• **ABOUT THIS EXERCISE**: Repeat only the lines below that run from the line with "To meet the" to the line with "En lo que respecta", ends included; skip every picture.

===== SUPPLIED DATA

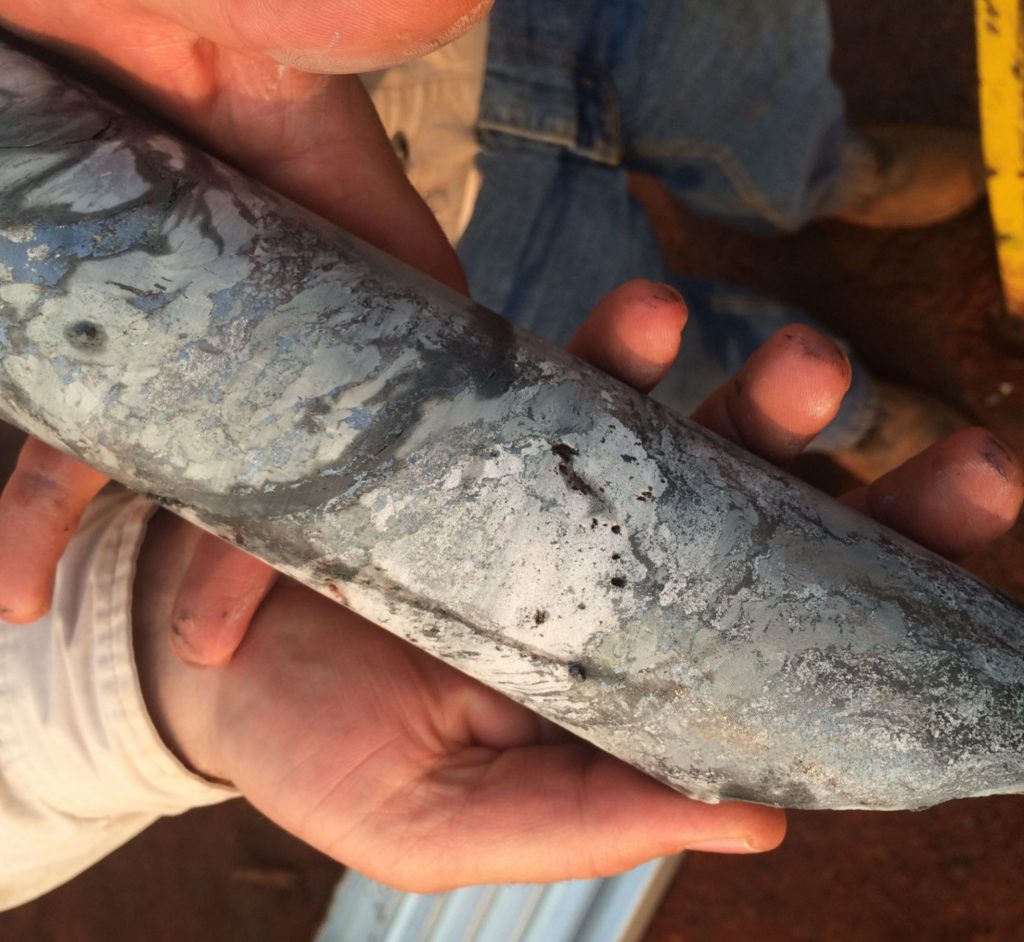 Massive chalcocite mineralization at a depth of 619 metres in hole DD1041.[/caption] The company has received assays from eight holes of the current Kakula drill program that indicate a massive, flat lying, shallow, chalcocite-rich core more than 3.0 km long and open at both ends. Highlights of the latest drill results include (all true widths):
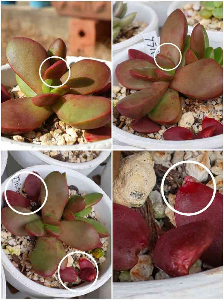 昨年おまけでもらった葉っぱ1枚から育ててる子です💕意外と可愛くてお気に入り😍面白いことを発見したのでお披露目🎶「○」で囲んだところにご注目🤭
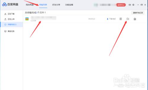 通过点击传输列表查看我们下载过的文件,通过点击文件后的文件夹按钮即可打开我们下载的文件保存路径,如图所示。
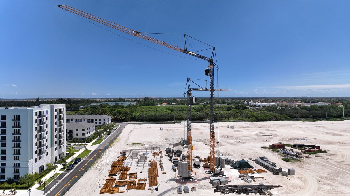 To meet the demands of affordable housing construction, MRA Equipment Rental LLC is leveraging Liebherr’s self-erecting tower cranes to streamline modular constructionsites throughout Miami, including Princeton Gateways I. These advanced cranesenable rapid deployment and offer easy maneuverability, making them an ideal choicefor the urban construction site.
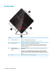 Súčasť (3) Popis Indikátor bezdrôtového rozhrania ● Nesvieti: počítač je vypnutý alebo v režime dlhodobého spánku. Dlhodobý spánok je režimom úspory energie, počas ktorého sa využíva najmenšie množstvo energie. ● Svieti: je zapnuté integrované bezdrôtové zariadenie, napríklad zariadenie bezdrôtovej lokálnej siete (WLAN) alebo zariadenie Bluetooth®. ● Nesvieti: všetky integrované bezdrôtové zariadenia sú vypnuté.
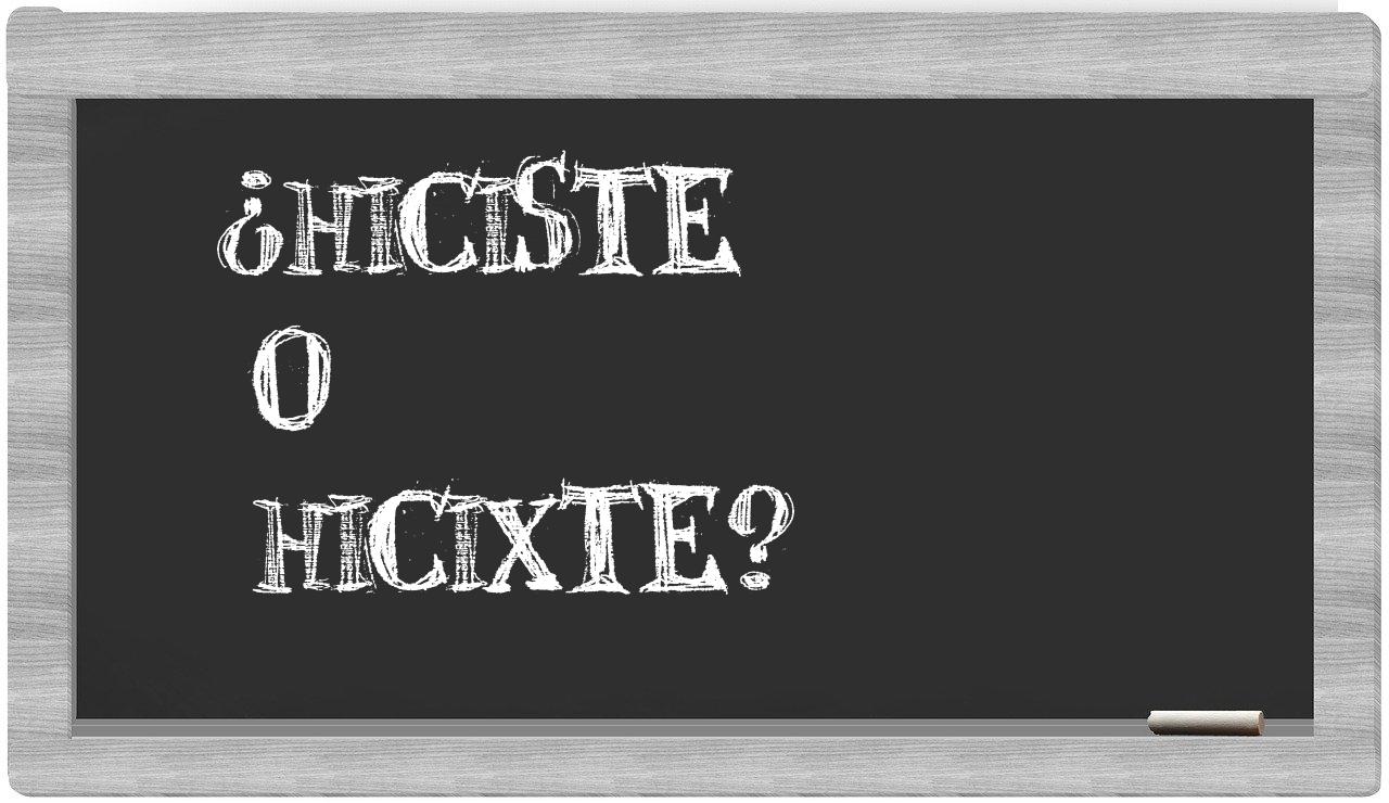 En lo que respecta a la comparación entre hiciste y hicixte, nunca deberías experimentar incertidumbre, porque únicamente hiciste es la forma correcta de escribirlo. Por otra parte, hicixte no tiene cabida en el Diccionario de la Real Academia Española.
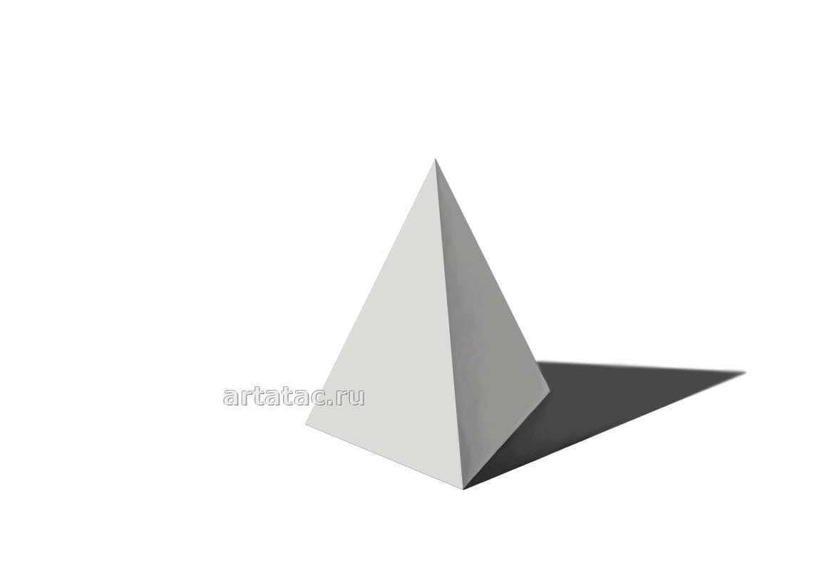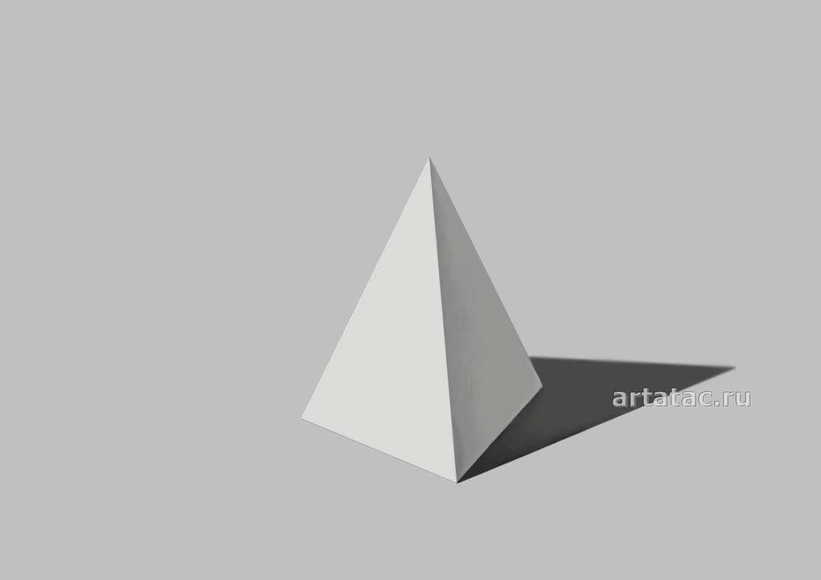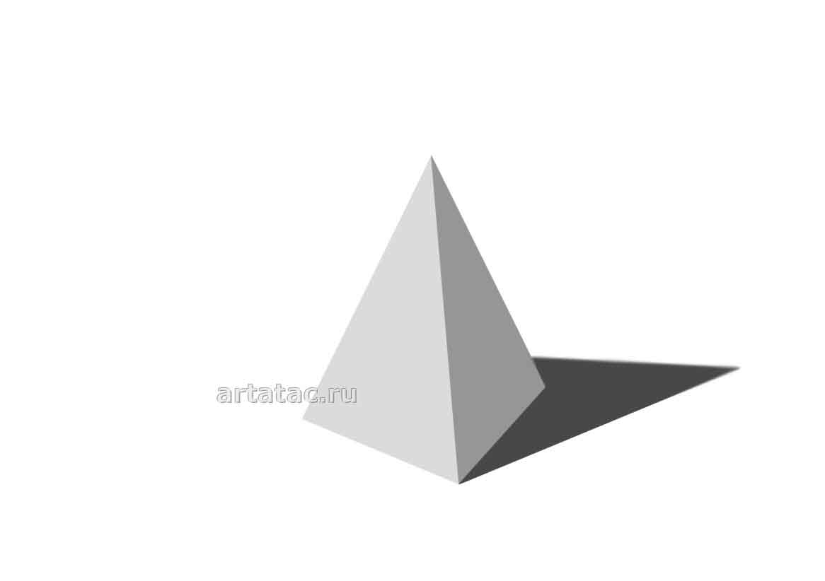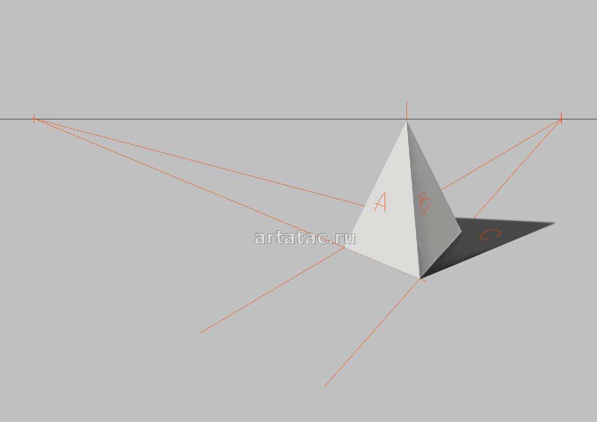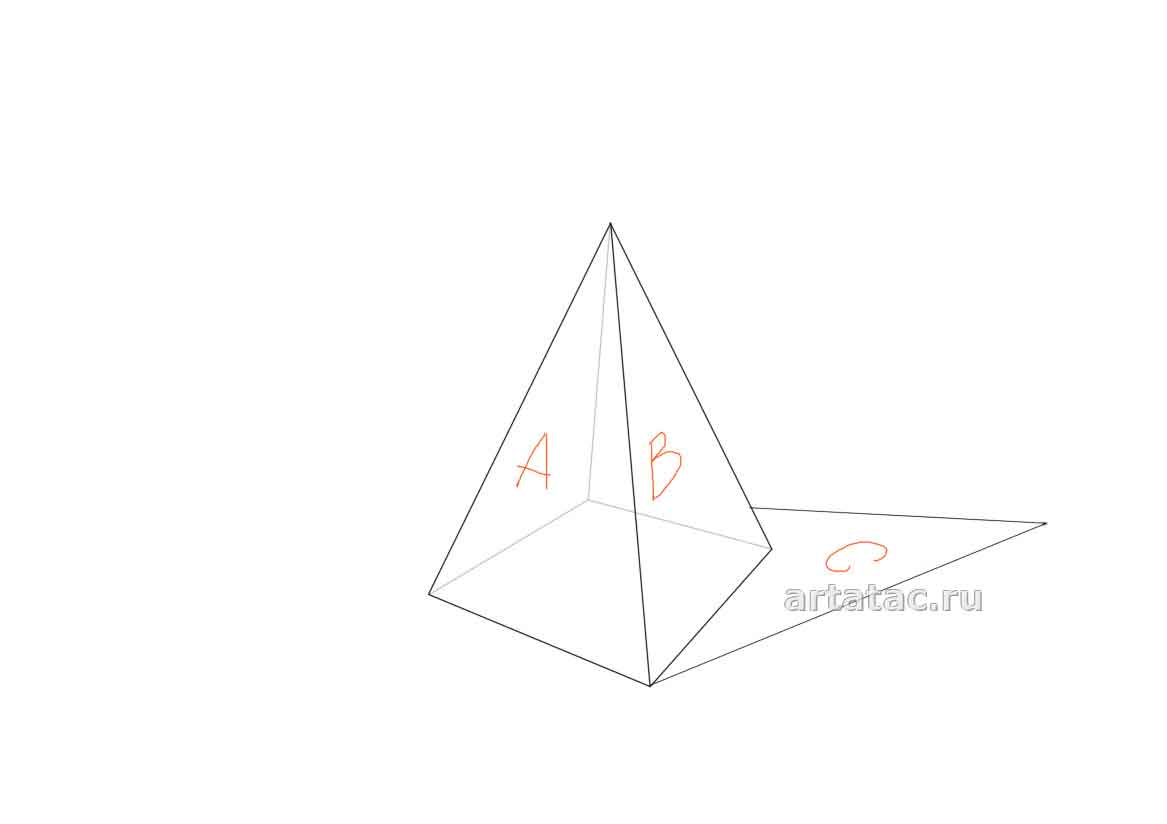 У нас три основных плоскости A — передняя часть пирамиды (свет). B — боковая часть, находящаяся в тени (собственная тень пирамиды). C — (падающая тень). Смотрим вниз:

==========

• **RESULT**:
 To meet the demands of affordable housing construction, MRA Equipment Rental LLC is leveraging Liebherr’s self-erecting tower cranes to streamline modular constructionsites throughout Miami, including Princeton Gateways I. These advanced cranesenable rapid deployment and offer easy maneuverability, making them an ideal choicefor the urban construction site.
 Súčasť (3) Popis Indikátor bezdrôtového rozhrania ● Nesvieti: počítač je vypnutý alebo v režime dlhodobého spánku. Dlhodobý spánok je režimom úspory energie, počas ktorého sa využíva najmenšie množstvo energie. ● Svieti: je zapnuté integrované bezdrôtové zariadenie, napríklad zariadenie bezdrôtovej lokálnej siete (WLAN) alebo zariadenie Bluetooth®. ● Nesvieti: všetky integrované bezdrôtové zariadenia sú vypnuté.
 En lo que respecta a la comparación entre hiciste y hicixte, nunca deberías experimentar incertidumbre, porque únicamente hiciste es la forma correcta de escribirlo. Por otra parte, hicixte no tiene cabida en el Diccionario de la Real Academia Española.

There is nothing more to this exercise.